Eight cats roam the area. My parents and my sister feed all of them. They are all numbers, they have no names, except Zevulun, a skeletal cat with a truncated ear who had arrived a year ago and turned into a bully with shifting moods thanks to their care. He has been accompanying my parents and sister in their neighborhood walks in the same level of zealotry in which he has been scratching them.
The discussions has continued in the house over cats, the mulberries that my father has picked in his walks, on the points my mother has been tabulating as part of her weight-watcher program, and on the children who have been taking classes at my sister's studio.
This all has made the isolation for me and Ravid anything by isolated. The pace of things here is like a conversation that keeps twisting and turning but is only seldom interrupted and this makes me happy.

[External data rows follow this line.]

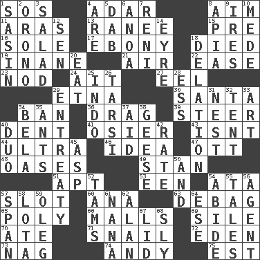 ACROSS 1. Distress signal 4. The sixth month of the Jewish calendar 8. Direct toward a target or goal 11. Caspian sea tributary 13. Indian princess (variant) 15. Before (prefix) 16. Flatfish 17. Black 18. Passed on 19. Lacking in sense or substance 21. Atmosphere 22. Relaxation 23. Dreamland 24. Small island 27. Snakelike fish 29. Inactive volcano in Sicily 30. Before Barbara or Clara 34. Prohibit 36. To be drawn or hauled along 39. Navigate 40. Incision 41. Flexible twig of a willow tree 43. Is not 44. Extremist 46. The content of cognition 47. Baseball player Mel 48. Fertile tracts in a desert 49. Comedian Laurel of Laurel & Hardy 51. Fitting 53. Car or cant ending 54. _ moment's notice (2 wds.) 57. Slit 60. Santa ___, CA 63. Debunk (Brit. slang) 65. Many (prefix) 66. Promenades 69. Filth; sediment 70. Had dinner 71. Slow-paced one 72. Genesis locale 73. Tired old horse 74. "60 Minutes" Commentator Rooney 75. Eastern Standard Time (abbr.) DOWN 1. Indian antelope 2. U. of Maine site 3. First course 4. "We ___ not amused" (Victoria) 5. Apply (a substance) by light strokes 6. Small Philippine buffalo 7. Painter Guido (1575-1642) 8. Capital of Western Samoa 9. Angers 10. Ancient Persian 12. Elected rep. 14. Jane of fiction 18. Conveyance 20. Erode 25. _ china 26. Tarsus (plural) 28. Curvy letter 29. Plea 31. A home for chicks 32. Portable shelter 33. Nonscientific branch of learning 34. Actor Lugosi 35. Pismires 37. Assist 38. Honkers 40. Superhero pair 42. Pace 45. Cleo's killer 50. Added to 52. Scottish caps 54. Tolerate 55. Lies 56. Rep 57. Connect, as a bridge 58. Globular water bottle used in Asia 59. Cassini of fashion 61. Nanny 62. ____ Jay Lerner 64. Compass dir. 67. Flaplike covering 68. Insidious
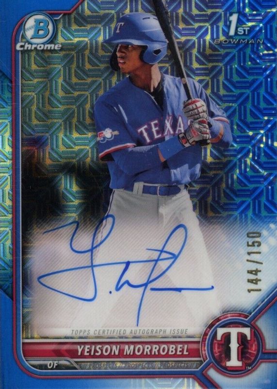 Best Prices Available For Sale of Yeison Morrobel 2022 Bowman Chrome #CPA-YML Prospect Auto - Choice Refractor /150 (1st)
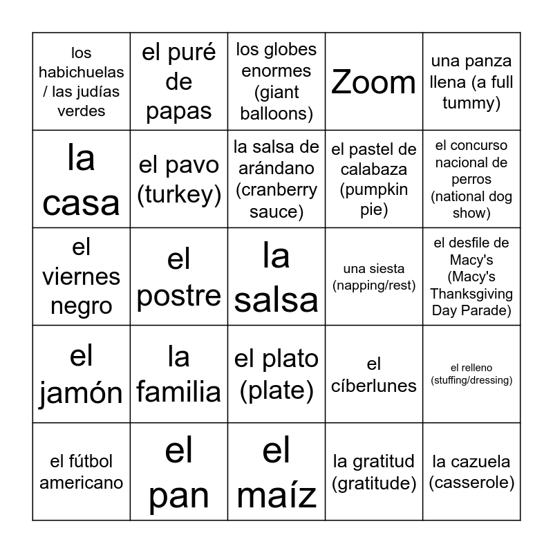 This bingo card has 25 words: la familia, el maíz, la salsa de arándano (cranberry sauce), el fútbol americano, una panza llena (a full tummy), los habichuelas / las judías verdes, la casa, el puré de papas, una siesta (napping/rest), el plato (plate), el pastel de calabaza (pumpkin pie), el viernes negro, el cíberlunes, el relleno (stuffing/dressing), el pavo (turkey), la cazuela (casserole), el desfile de Macy's (Macy's Thanksgiving Day Parade), los globes enormes (giant balloons), el concurso nacional de perros (national dog show), el postre, la salsa, el pan, el jamón, Zoom and la gratitud (gratitude).
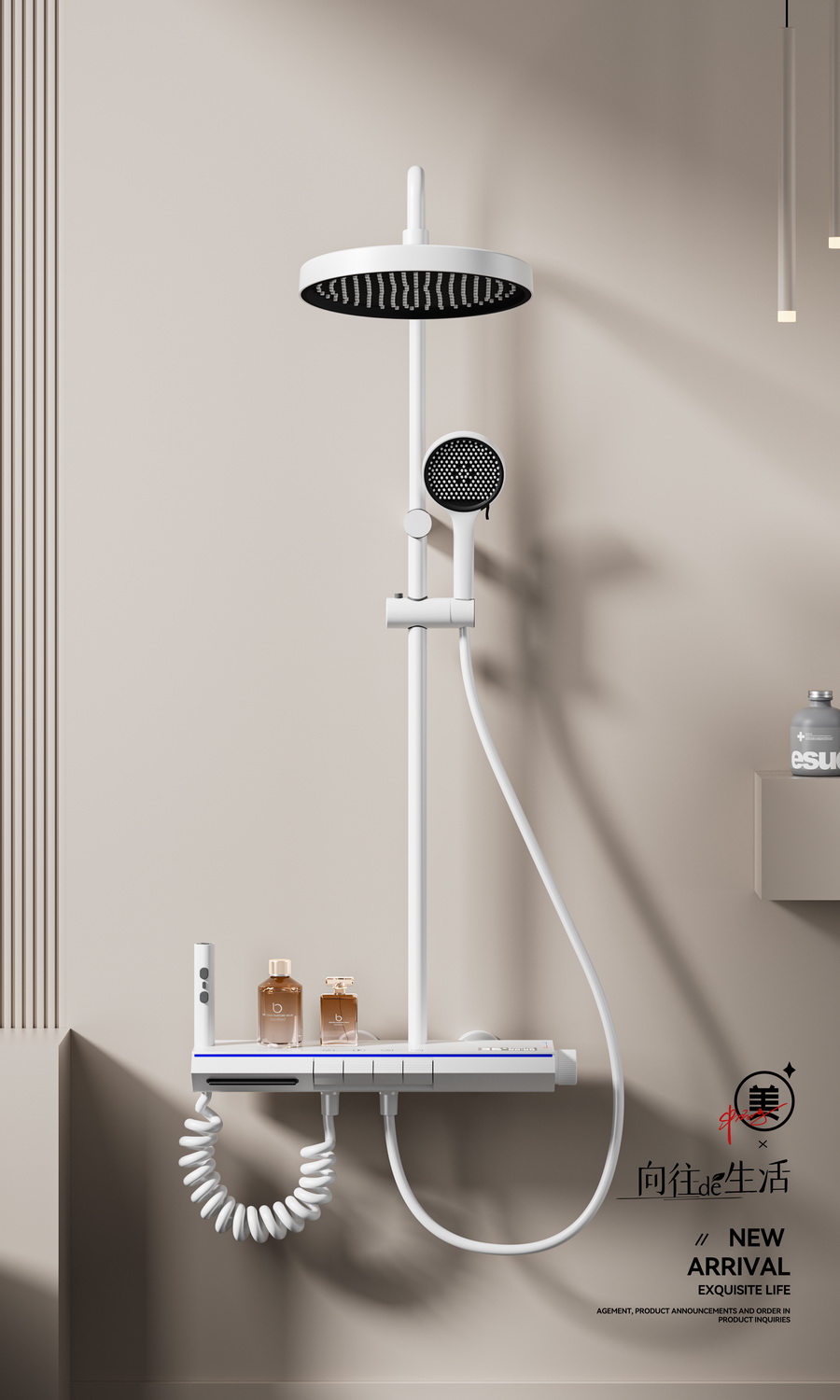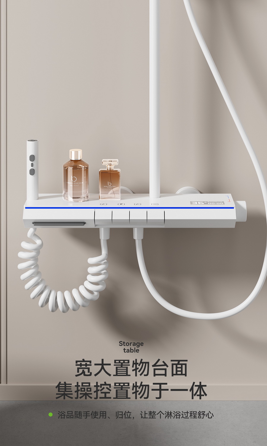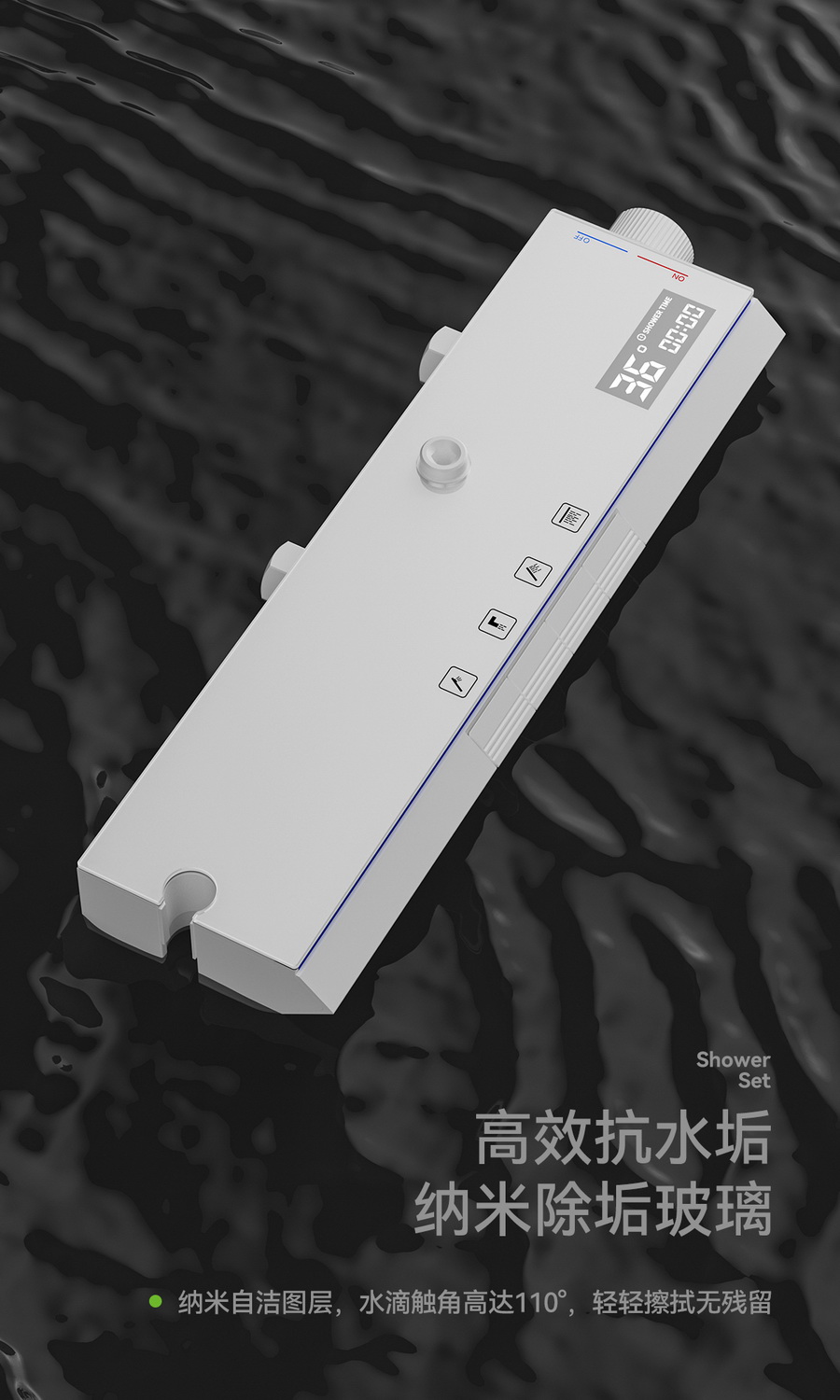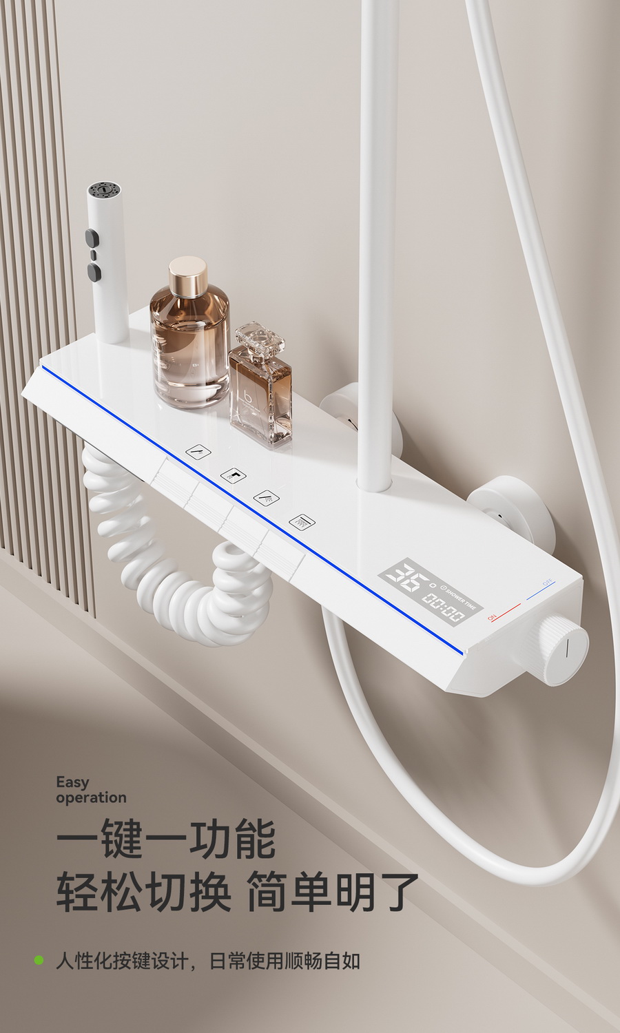 智能感温数显,看得见的温度,高贵典雅珍珠白,尽显奢华,探索最大面积的置物平面与操作体验,艺术钢琴设计,一键一控,独立控水,巨幕雨淋出水,让水拥有智慧,给您更贴心的关怀,纵享酣畅淋漓的沐浴。
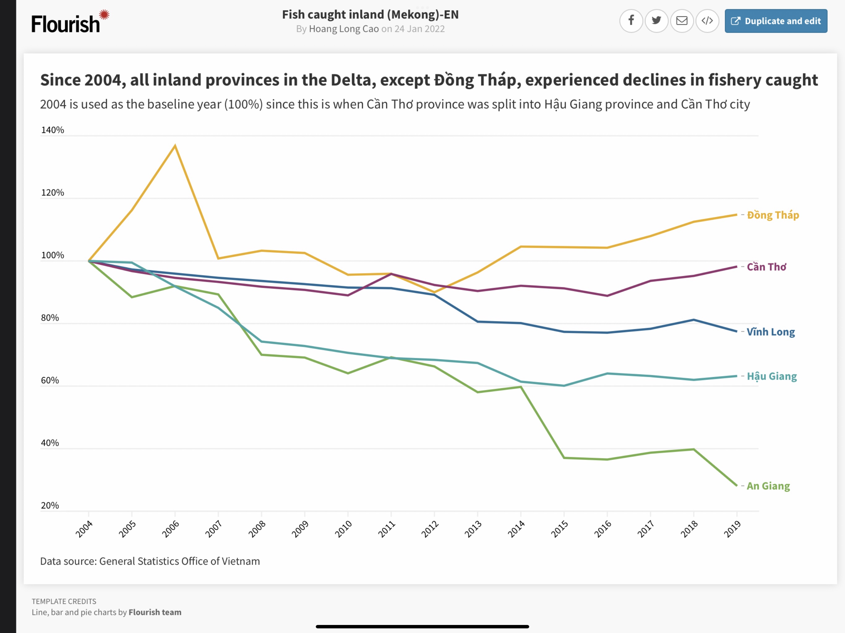 An Giang province, Muoi Diep’s homeland, has also seen the largest decrease in the quantity of fish caught in VMD compared to 15 years ago. In 2019, fish catch in An Giang was only 28%—less than a third—of its catch in 2004.
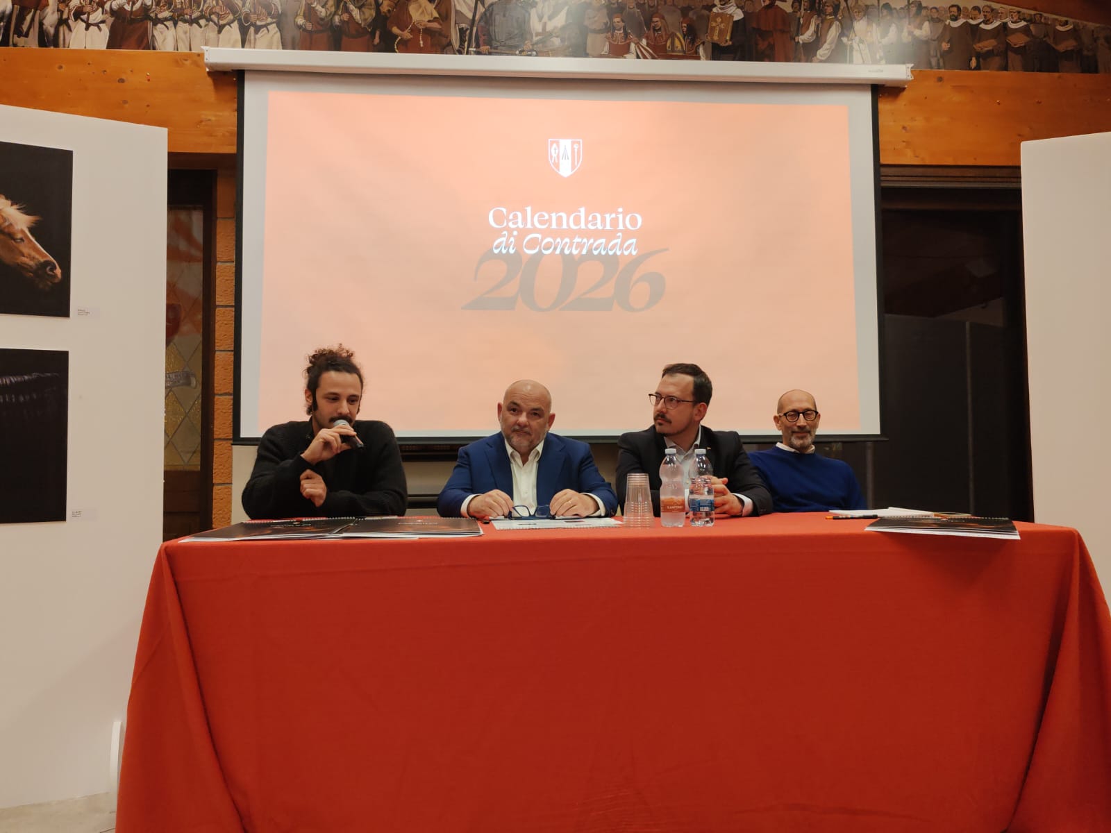 Dopo tanti anni la Contrada ha scelto di innovare il consueto appuntamento che vedeva la presentazione del Calendario fra gli eventi della tradizionale cena del 5 Novembre ed ha deciso di dedicare alla presentazione una serata ad hoc, con l’obiettivo di dare maggiore lustro al progetto e il giusto tributo alle tante persone che ne contribuiscono alla realizzazione.
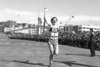 Robert De Castella crossing the finish line at the City to Surf.Credit:Staff photographer
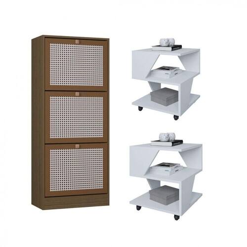 Destaques: Design contemporaneo e cores modernas Estrutura em BP resistente e duravel Mesas com rodizios para facil movimentacao Sapateira com portas 3D imitando palha indiana Facil de montar produtos enviados desmontados
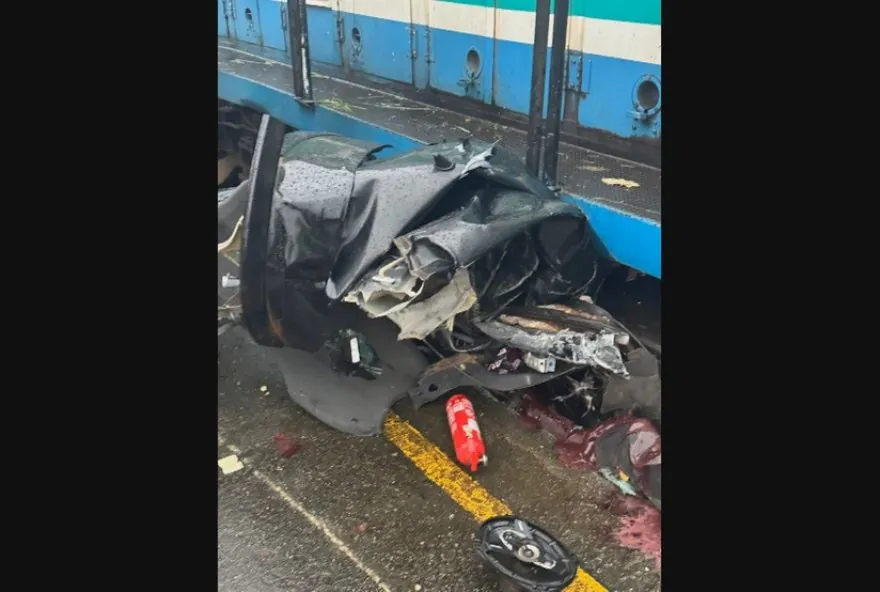 Acidente entre carro e trem deixa uma pessoa morta e outra ferida grave em Magé. Segundo informações da SuperVia, o acidente ocorreu quando o carro atravessou de forma irregular a via férrea por uma passagem de nível não autorizada, sendo atingido pelo trem próximo à estação Suruí.
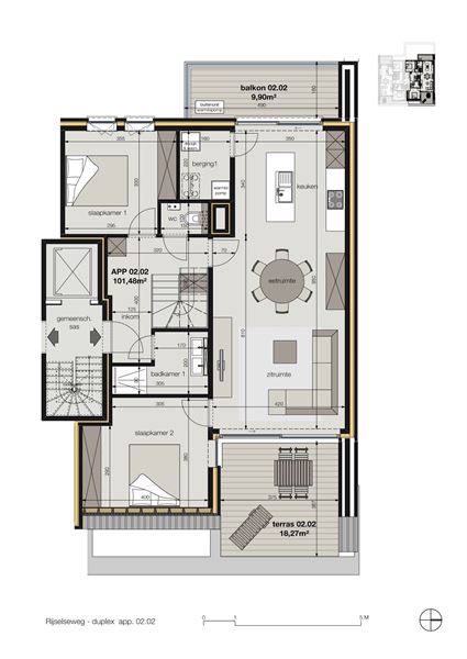 Het appartement heeft een bewoonbare oppervlakte van 159,1m² en wordt voorzien van inkom, 2 slaapkamers, ingerichte badkamer, apart toilet, berging, open keuken met lichtrijke leefruimte en toegang tot terras voor(18,27m²)- en achteraan (9,90m²).
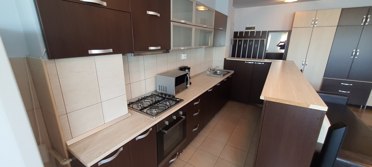 Appartement à louer à Cluj, près de l’Université de Médecine et de Pharmacie, rue Observatorului 136-138, avec salon, 1 chambre, salle de bains, 60 m², balcon. Equipements : chauffage central, comptoirs, lave-linge, réfrigérateur, TV, four, cuisinière, micro-ondes. Internet et câble TV installés.
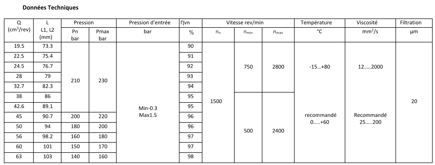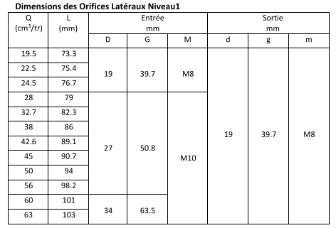 - Cylindrée Niveau 2 sélectionnable de 4 à 27,9 cm³/tr
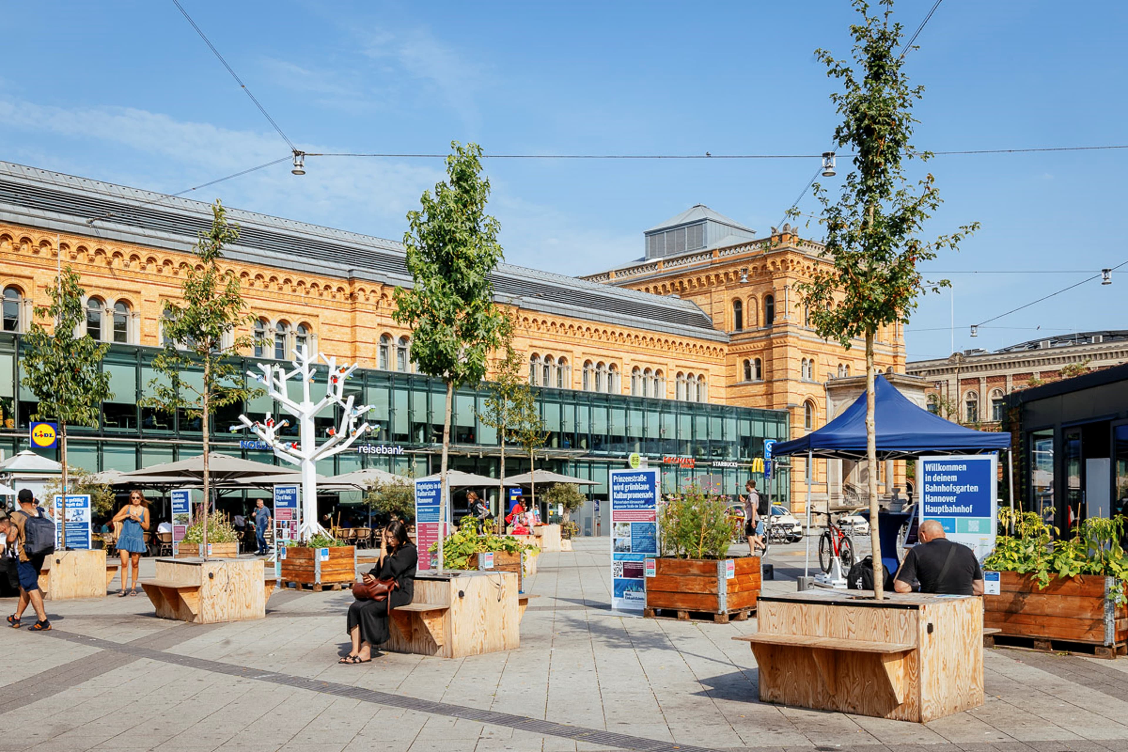 Sitzen, quatschen, mitmachen: Auch in diesem Jahr wird der Vorplatz des Hauptbahnhofs Hannover wieder zur grünen Wohlfühloase mitten in der Stadt.
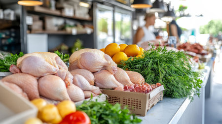 Fresh whole chickens and herbs displayed at an outdoor market. Concept of organic food, culinary ingredients, farmers market, gastronomy.
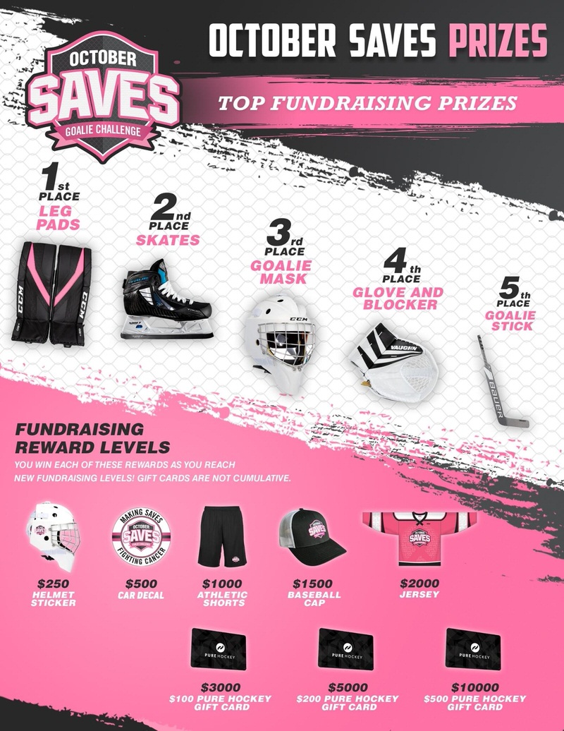 October Saves is an all-volunteer 501(c)(3) charitable organization that began in 2014 for the purpose of raising money to fight cancer. The concept is simple. During Breast Cancer Awareness month, goalies of all ages and skill levels across North America gather pledges for each save they make during October. Funds raised benefit our amazing cancer-fighting beneficiaries across the US and Canada and goalies win prizes as they raise money!
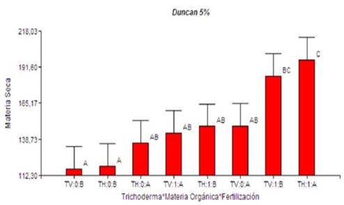 Cabe señalar que el aporte de materia orgánica jugó un papel importante en la producción tanto de materia verde como de materia seca, ya que en los tratamientos donde se agregó materia orgánica se registró un mejor comportamiento en comparación con el testigo y el tratamiento donde solo se utilizó fertilizante químico. La interacción (TH:1:A) presentó la mayor proporción de materia seca en gramos pero no tiene diferencia significativa con (TV:1:B), lo cual demuestra que la aplicación del hongo en presencia de materia orgánica puede reducir la cantidad de fertilizante sintético. Trichoderma tiene la capacidad de degradar la materia orgánica y solubilizar fosfatos orgánicos e inorgánicos mediante mecanismos quelantes y reductores (Cubillos et al., 2009).

This explains the inability of my family members to spot the moment someone is busy with something else and wants to avoid distractions. "Are you reading?" was a common question when I was young at home with my head literally inside a book. Without waiting for an answer, the person would start talking endlessly on what Shoshy the dog had done. But today there are eight cats rather than one dog.
Unfortunately, I have adopted this. From my window at the isolation area, I tell Ravid on the neighbor who keeps shouting at her kids every night, or on the neighbor that everyone hates because of his barking dog. Only after 10 minutes I realize that I have yet to receive a response. The poor thing just wants to watch Netflix and chill.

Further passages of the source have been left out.